Monday, December 28, 2020

Wonder Woman 1984

2017's Wonder Woman proved to be the pleasant surprise to shine some light in DC's otherwise gloomy extended universe. Director Patty Jenkins and star Gal Gadot reunite for a sequel set in the 1980s (apparently primarily for the purpose of making fun of the decade's fashion sense). Gadot seems more confident in the role, hits the right emotional beats, and the sequel taps into primary motivations of the character while introducing one of the Amazon's most famous possessions in the Invisible Plane. So why isn't Wonder Woman 1984 more successful?

The choice to bring back Wonder Woman's lost love Steve Trevor (Chris Pine) is a controversial one, but the wishing stone that also turns Kristen Wiig into Cheetah and provides Maxwell Lord (Pedro Pascal) with near unlimited power does work as a catalyst to get things rolling. Trevor's return forces Diana to confront her own feelings as does the dread that defeating Max may mean saying goodbye to Steve again. It's a clever way to bring the character back for one more film but other than the personal turmoil it causes Diana, I don't think the script is helped by Trevor's inclusion.

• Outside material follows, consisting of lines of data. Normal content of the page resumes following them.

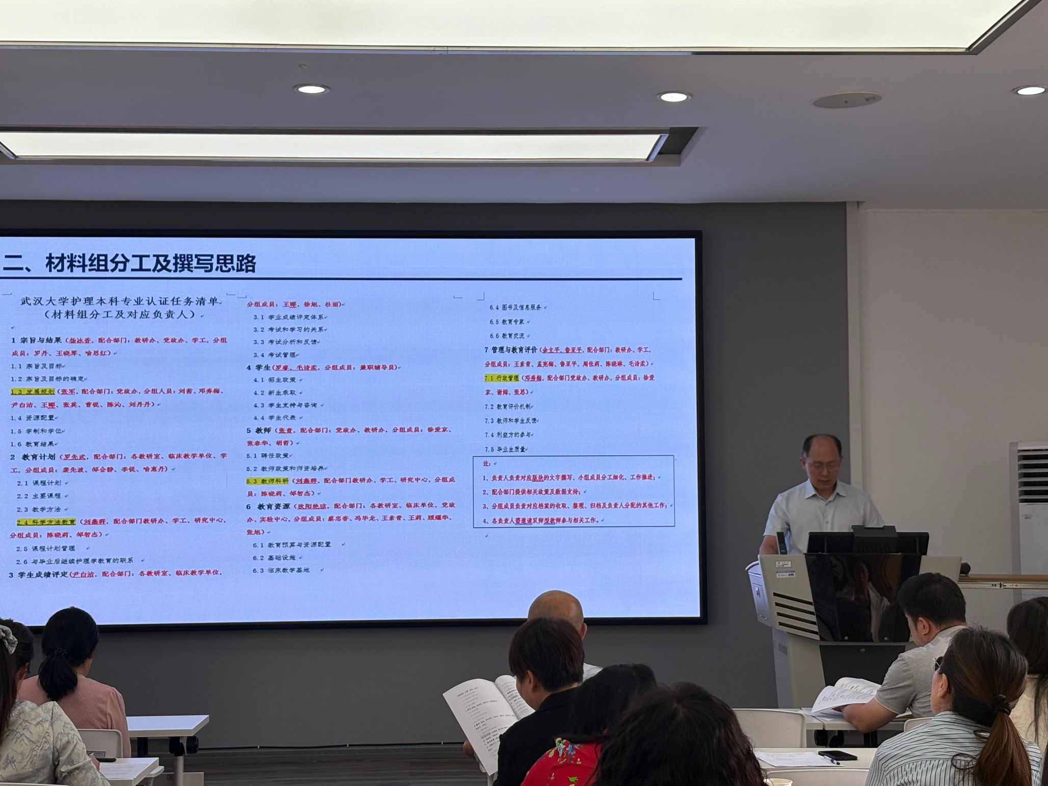会上,材料组组长罗先武围绕护理学本科专业认证标准(2024 版),详细介绍了自评报告撰写工作安排,明确材料组分工、撰写思路及工作进度计划,并组织各小组展开分组讨论,针对各组提出的难点和困境现场答疑解惑。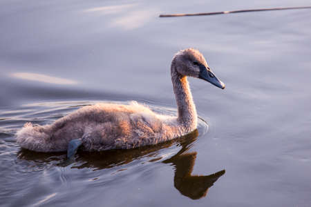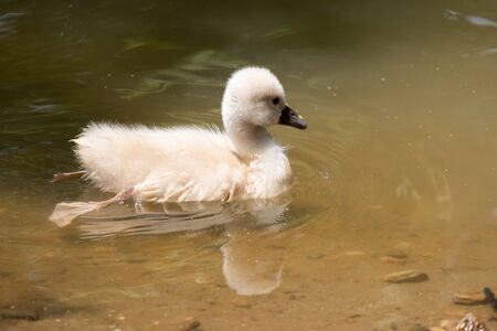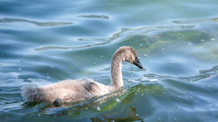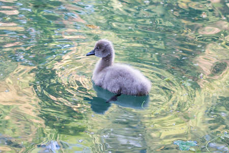 A baby swan swims on a lake on a sunny summer day. The baby swan is seven days after birth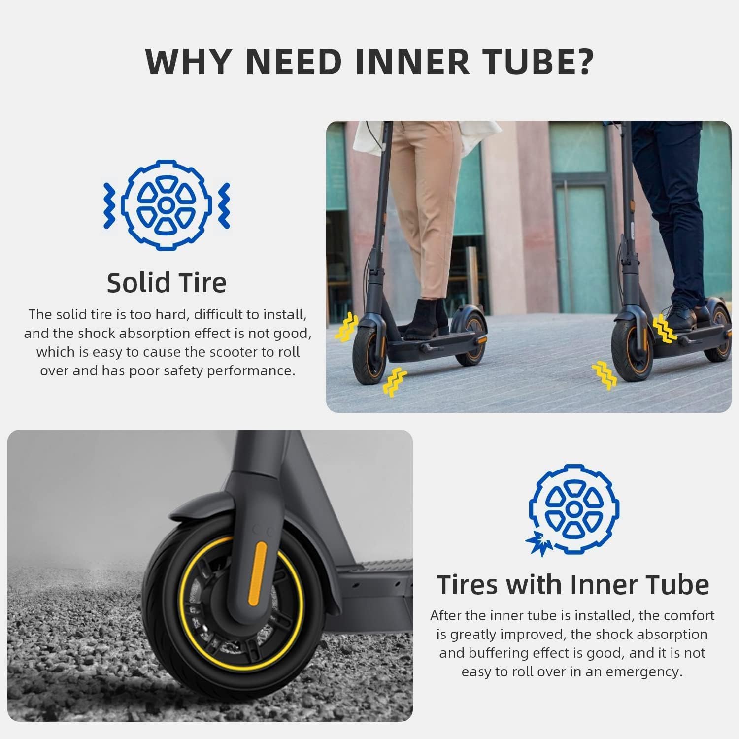 Verwenden Sie unsere dickeren Schläuche mit schlauchlosen Reifen, um bessere Ergebnisse zu erzielen. Dickerem Schlauch haben hervorragenden Komfort und Stabilität, was ein besseres Fahrerlebnis bietet als die anderen Reifen, stabil, stoßdämpfend und nicht holprig, insbesondere auf unbefestigten Straßen, Waldwegen, Steinpflaster und unebene, unregelmäßige Straßen.
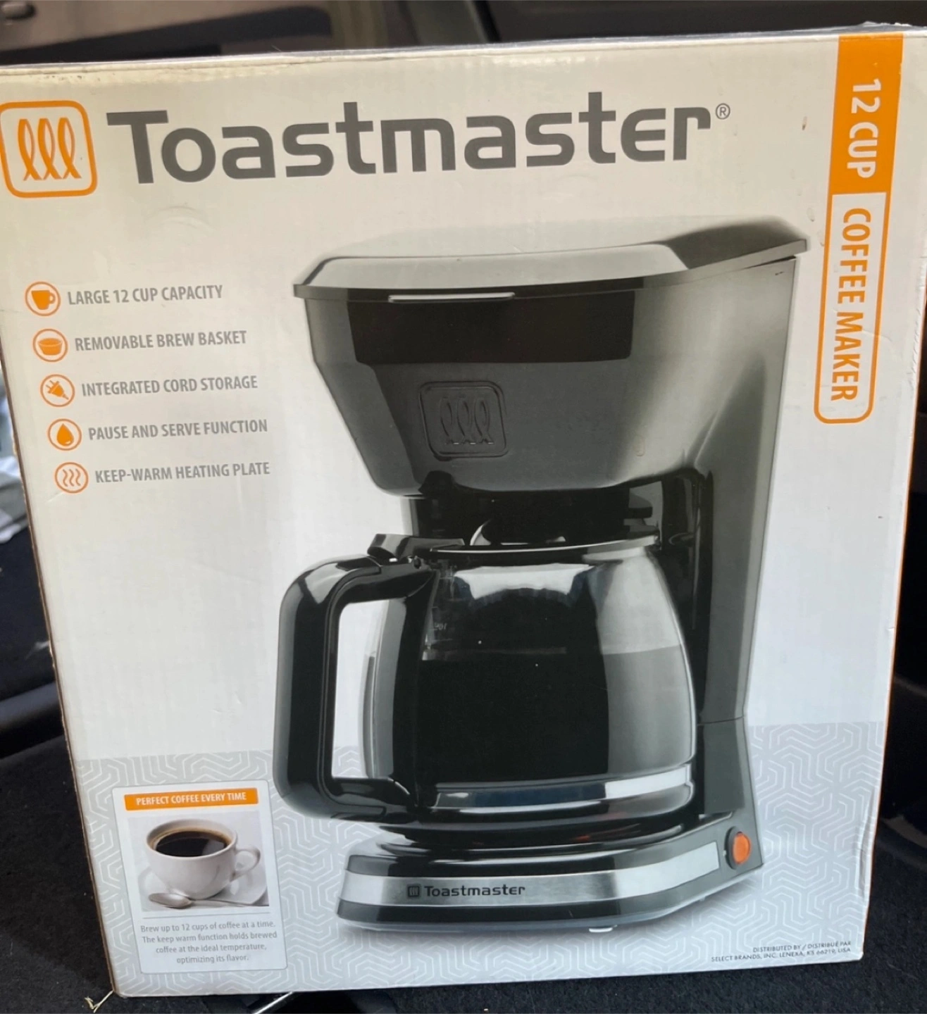 Selling a brand new Toastmaster 12-cup coffee maker, still in its original box! It features a large 12-cup capacity, removable brew basket, integrated cord storage, and a pause and serve function. It also has a keep-warm heating plate, an on/off switch with a power light, and a glass carafe. Perfect for brewing up to 12 cups of coffee at a time!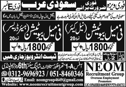 Female Beautician & Hair Dresser Jobs 2026 In Saudi Arabia announce the Contract career opportunities for the post of See Below Ad in Saudi Arabia for the fresh and experienced candidates on Contract basis who have Check Advertisement degree. Posted date of this post is 06/01/2026 and the last date is 13/01/2026. if you are eligible for this job apply before due date.

Arguably the sequel's best scene comes at the beginning, in a flashback to Themyscira where a young Diana (Lilly Aspell) competes in an Amazonian competition which teaches her true victory must come from sacrifice and that there are no short-cuts. The idea is meant to spill over to the rest of the film, but it doesn't fit as well as the trio of screenwriters may have hoped which makes me wonder how many rewrites and edits the film went through before its final cut. Also, the idea of an evil god playing with humanity is raised and then thrown away almost immediately (perhaps to avoid another Amazon vs. God final showdown). Caution, spoilers follow.

Pascal seems an odd choice for Maxwell Lord, but his version works... up to a point. I'll admit the kid in me got a kick out of seeing the famous Justice League International character get a nosebleed while twisting the world to fit his vision. The movie character's main problem is that he seems to have no ultimate objective making him a poor substitute for the original comic character. The loving absentee father subplot never takes hold completely, as we never see more than token affection for his son (Lucian Perez), which is a problem leading into the film's climax.

Just as problematic is Wiig's scientist turned super-villain (and I'm not just talking about the awkward make-up/CGI look to Cheetah). While it certainly makes sense for Barbara to initially refuse to give up her power, which would actually make her an ally rather than adversary to Diana who also refuses to renounce her wish (but the plot calls for them to fight, so...), the fact that keeping it will end the world should certainly knock some sense into her at some point. Also, having Diana meet and befriend her in the film, rather than allowing for an established friendship torn apart by the wishes of the stone, limits the effect of Diana fighting a friend (who, instead, is a stranger she shared one drink with).

Cheetah's look isn't the only special effect issue as there are several fight sequences between Wonder Woman and various bad guys where shots looked either incomplete or slightly off in attempts to render them fully on my television (I can only imagine how bad they might look on an IMAX screen). The first two action sequences aside, the race on Themyscira and the mall fight, in nearly every other lengthy action sequence there exists at least one shot which is not quite up to snuff. The film's conclusion, focusing on Diana's sacrifice and her argument for truth over lies certainly tie into core concepts of the character. However, the set-up could have built a stronger foundation, if this was to be the key point of the film, and it's a little unclear how Wonder Woman is communicating through Lord to the entire world (remember, the camera has long been destroyed at that point).

Despite its issues, Wonder Woman 1984 is still a fun film and Maxwell Lord offers a different type of villain who is a nice change of pace. It delivers several impressive action sequences, even with the spotty CGI, and continues the theme of Wonder Woman fighting for humanity who still haven't quite figured out selfishness isn't a solution to anything (those selfish folk include women, not just men, this time around). However, the return of Trevor (despite everything Chris Pine brings with him) does overshadow much of the film and place Diana in the unenviable position to be a selfish girlfriend for too much of the plot. While still better than anything Zack Synder has added to the universe, it's hard not to see Wonder Woman 1984 as a step backwards from the first film.